Once you’ve connected to the AD LDS instance using LDP, bind with the UPN of the uploaded account and enter the password. If you correctly followed the logic to create the unicodePwd unicode-base64 value, you’ll see a positive confirmation displayed on the LDP window that you are in fact bound to that AD LDS instance with that account.
Now, it wouldn’t be fair if I said that LDIFDE.exe was the only tool around capable of performing bulk changes to the unicodePwd attribute. Then you wouldn’t have learned how to generate the unicode-base64 value.
In Windows Server 2008 R2, Windows PowerShell v2 brought a bit more granularity in its ability to manipulate select attributes in AD and AD LDS. Working with AD LDS, I came up with the syntax in Figure 3 (note that for the sake of readability, I placed each command option on its own line) to achieve the same results that my VBA script does within the Excel spreadsheet.
It’s obvious that with just a few lines of Windows PowerShell code, you can quickly make the necessary changes without having to jump through hoops when creating the unicode-base64 value for each password. This is a powerful statement of Windows PowerShell’s capabilities, but it comes at the expense of processing time, considering all that it does in the background.

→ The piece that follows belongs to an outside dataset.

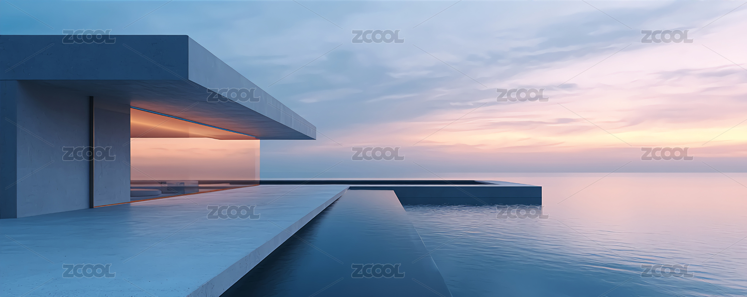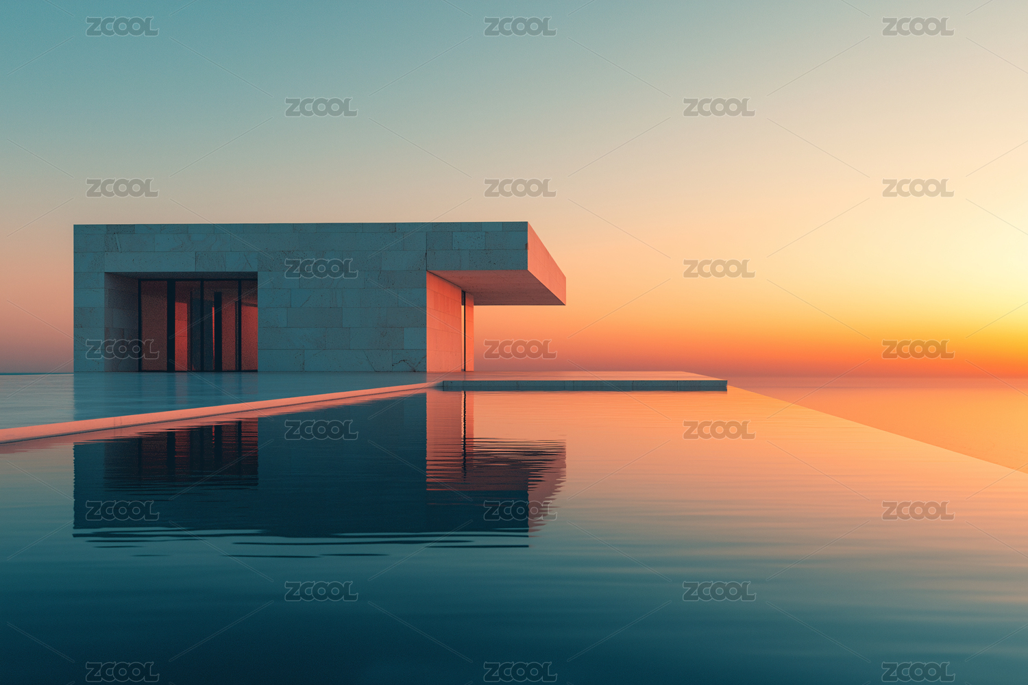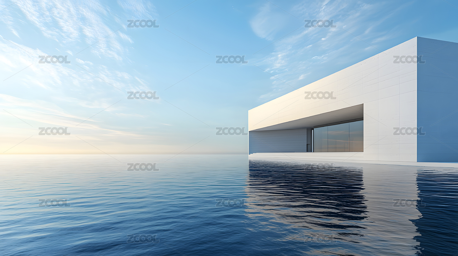 现代,虚拟,建筑,宁静,水面,蓝天,白云,别墅,简约,房屋

This is especially evident if processing hundreds, or thousands, of accounts.
So if you occasionally need to create or update a few accounts every now and then, use Windows PowerShell. If you always create or update hundreds or thousands on a regular basis, using LDIFDE.exe is much quicker in the long run.

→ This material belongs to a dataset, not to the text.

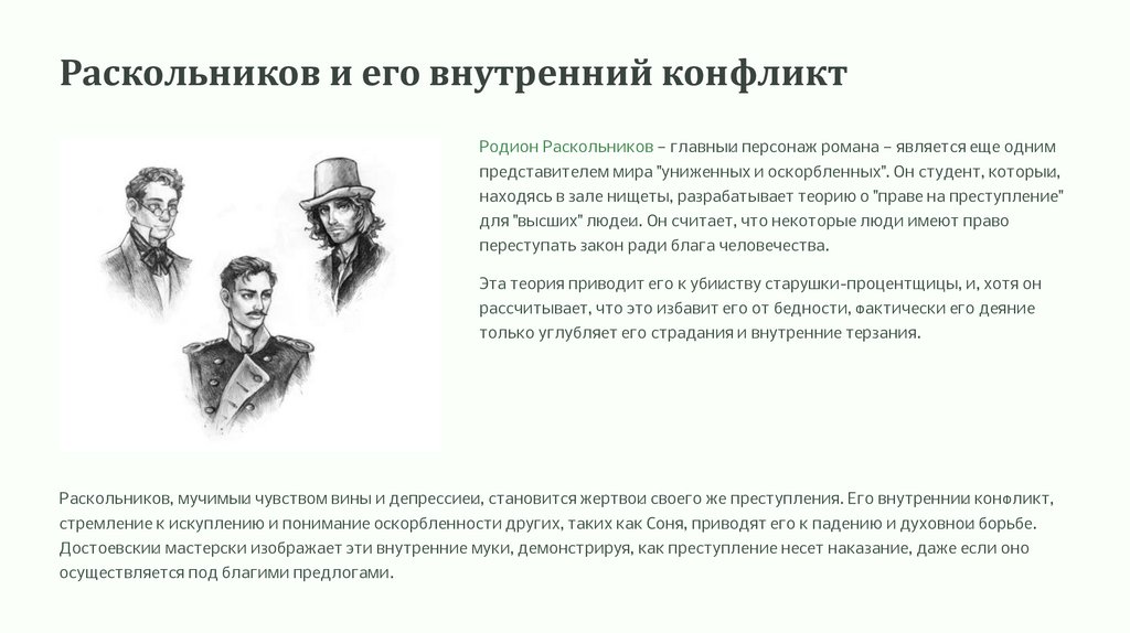 Раскольников и его внутренний конфликтРодион Раскольников — главный персонаж романа — является еще одним

Figure 3 Windows PowerShell v2 script to update the account password.
Import-Csv c:\scripts\accounts.csv | New-ADUser –Name $_.commonName –GivenName $_.givenName –Surname $_.sn -EmailAddress $_.email -Type user -UserPrincipalName $_.userPrincipalName –Server LDS01:389 | Set-ADAccountPassword -Identity $_.distinguishedName -NewPassword (ConvertTo-SecureString -AsPlainText $_.Password -Force) -Reset -Server LDS01:389 | Enable-ADAccount -Identity $_.distinguishedName -Server LDS01:389
Whether working with AD or AD LDS (or even ADAM for that matter), there are several ways to update the unicodePwd attribute. If you have just one account to change, use LDP.exe or ADSIedit to get it done. If there’s just a handful every now and then, using Windows PowerShell v2 against Windows Server 2008 R2 AD/AD LDS works great.

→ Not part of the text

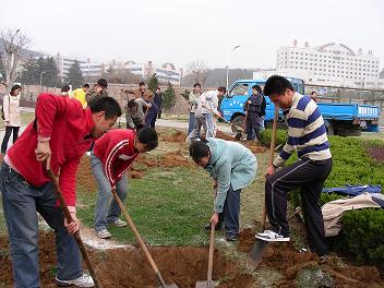 3月29日下午,根据学校的安排,做爱直播 学生党支部组织全体党员参加了植树活动。图为热火朝天的劳动场面。

However, if you’re still working with Windows Server 2003 or later, and have hundreds to thousands of accounts that need constant updating, do your prep work upfront to generate the unicode-base64 value for the unicodePwd attribute. Then use LDIFDE.exe to upload those changes all at once.
I would like to thank the Microsoft Information Security ACE Services team members Roger Grimes (Principal Security Architect) and Shawn Rabourn (Senior Security Consultant) for validating this article, and USPS Federal Services’ Anthony de Lagarde (Senior Consultant) for content review.